Records for this exercise below:
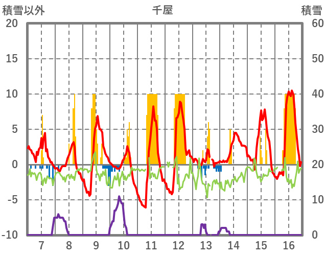 | 日 | 時 | 気温 | 降水 | 風向/風速 | 日照 | 積雪 | 降雪 |
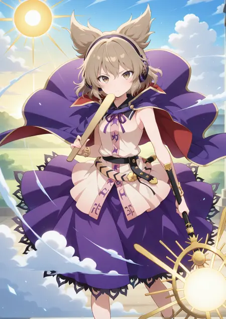 toyosatomimi no miko, 1girl, solo, brown eyes, brown hair, short hair, pointy hair, toyosatomimi no miko \(sentimental signals\), adapted costume, earmuffs, white cape, beads, purple neck ribbon, yellow dress, sleeveless dress, wrist cuffs, black belt, jewelry, purple skirt, frilled skirt, black frills, black boots, silver sword,
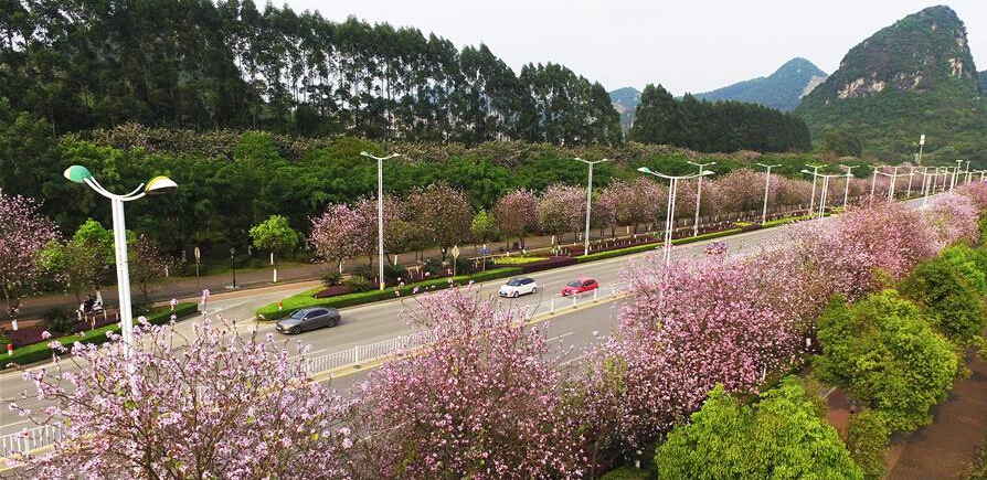 4月に入り、清明節ごろ、広西省柳州市に24万本のバウヒニアが満開し、柳州の町はバウヒニアに溢れ、まるで花の海になっています。
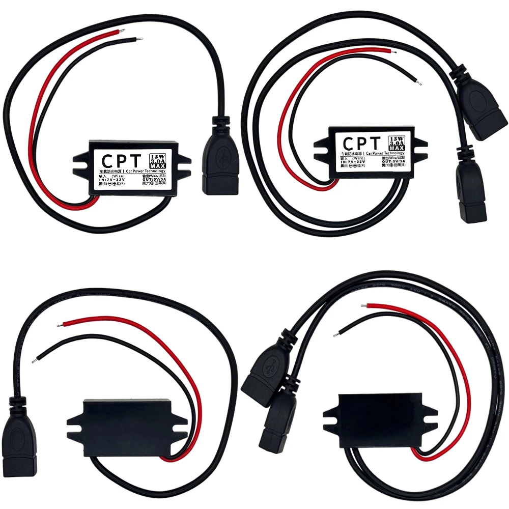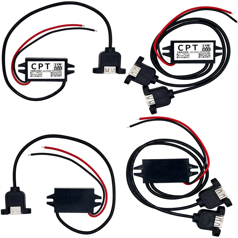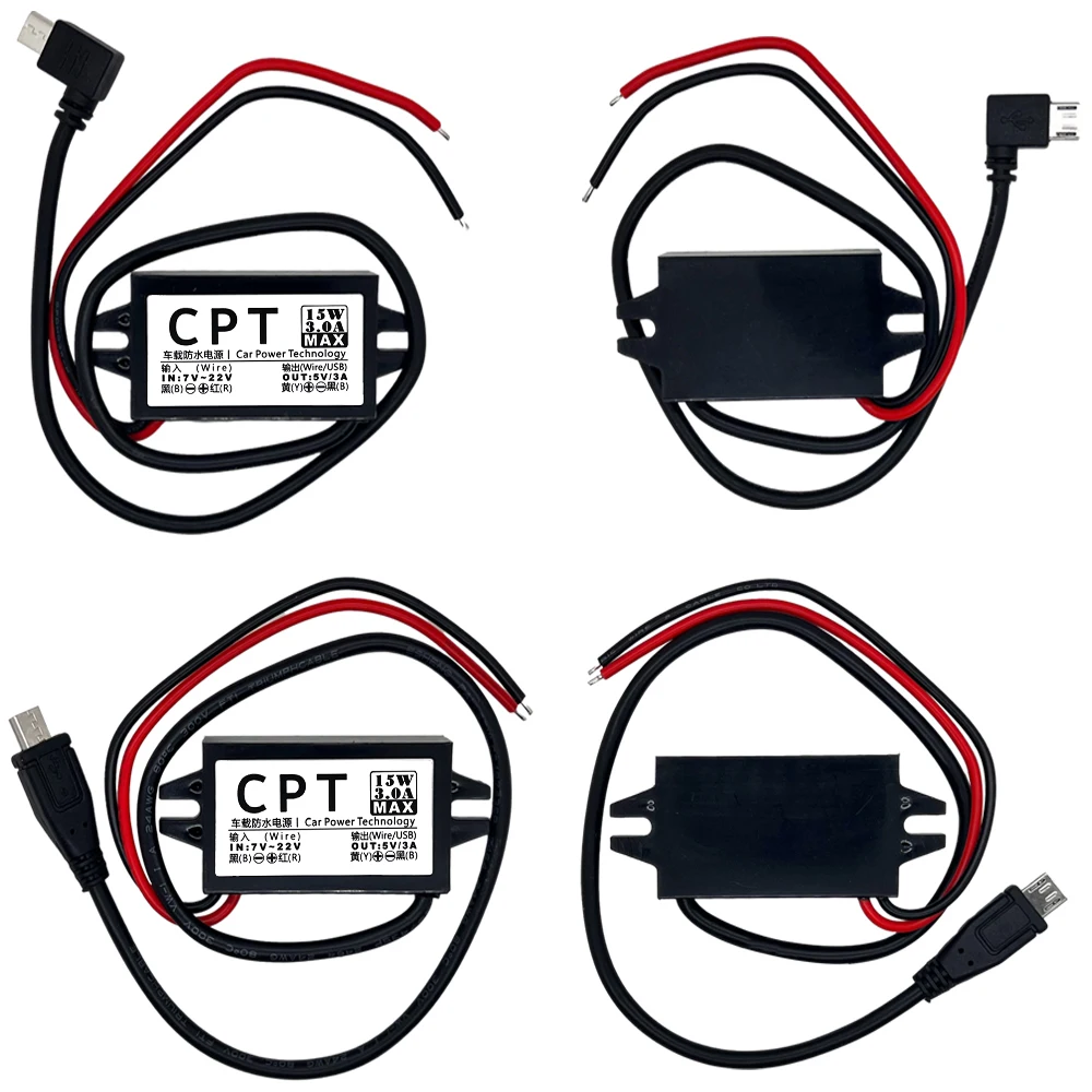 Experience reliable power conversion with this high-efficiency non-isolated buck converter module, designed to convert 7-22V DC input into a steady 5V DC output at up to 3A, providing 15W of power. Its sleek black rectangular casing features a white label with technical specifications, including a 96% maximum efficiency, 340Hz switching frequency, and an output ripple of just 3mV. This versatile module supports various USB configurations, such as single and double USB ports, Micro USB, Type-C, and DC 5.5mm connectors, making it ideal for automotive, electronic, and DIY projects where stable and efficient voltage regulation is essential.
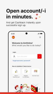 AmOnline ialah aplikasi perbankan mudah alih yang komprehensif untuk mengurus kewangan anda dengan mudah dan selamat. Nikmati ciri-ciri seperti Semak Baki Pantas, DuitNow, pembayaran bil dan permohonan produk baharu, semuanya di satu tempat.
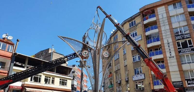 Giresun Belediyesi tarafından, Malpazarı mevkiinde orta refüje konulan aydınlatma direğindeki figür yenileniyor.
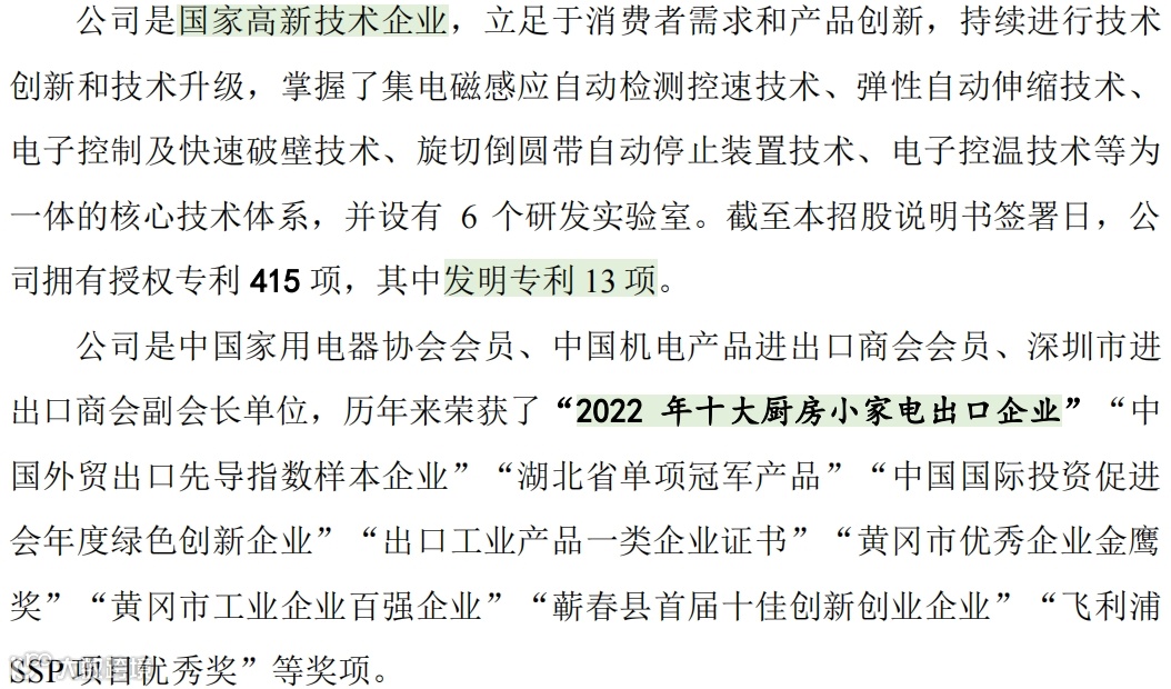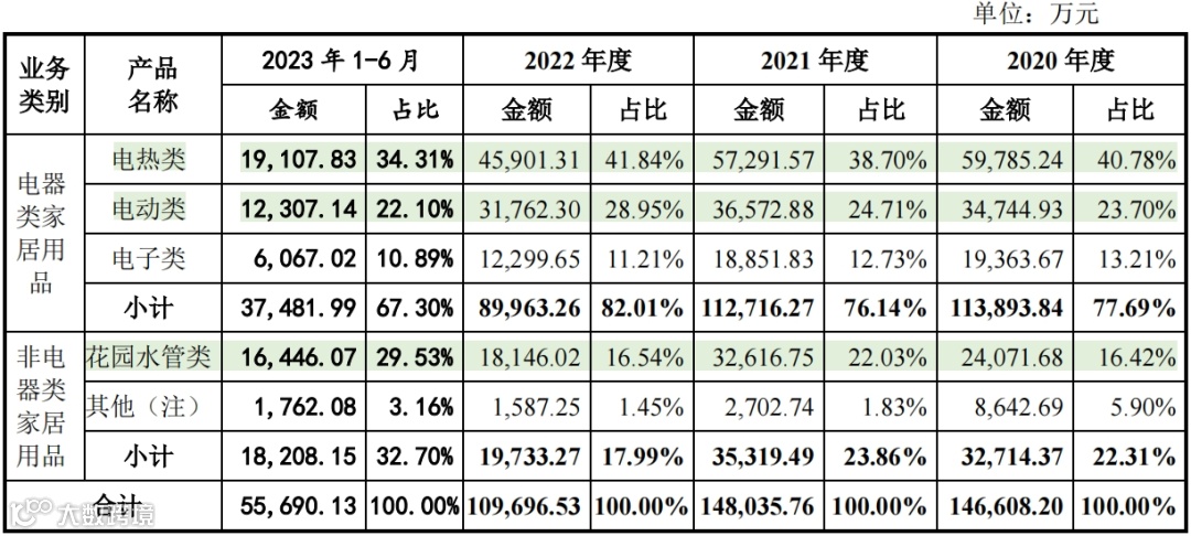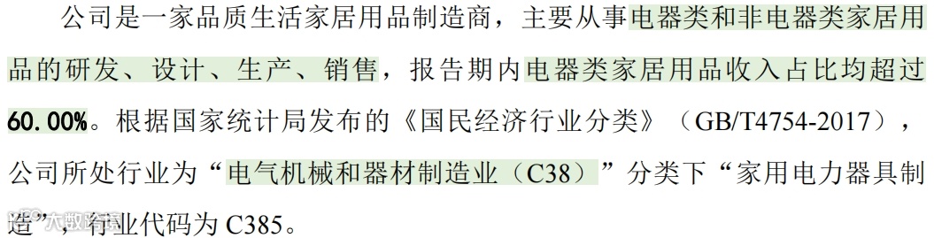 (1)发行人主要产品涵盖电器类家居用品和非电器类家居用品两大类。其中电器类家居用品主要为各类小家电产品,报告期内,发行人电器类家居用品收入占比均超过70%。
End of Records for this exercise.
• _Task brief_: Begin at the line in the entries above that has "toyosatomimi no miko, 1girl, solo, brown", stop after the line that has "4月に入り、清明節ごろ、広西", and output exactly those lines without pictures.

• _Reply to the task_:
 toyosatomimi no miko, 1girl, solo, brown eyes, brown hair, short hair, pointy hair, toyosatomimi no miko \(sentimental signals\), adapted costume, earmuffs, white cape, beads, purple neck ribbon, yellow dress, sleeveless dress, wrist cuffs, black belt, jewelry, purple skirt, frilled skirt, black frills, black boots, silver sword,
 4月に入り、清明節ごろ、広西省柳州市に24万本のバウヒニアが満開し、柳州の町はバウヒニアに溢れ、まるで花の海になっています。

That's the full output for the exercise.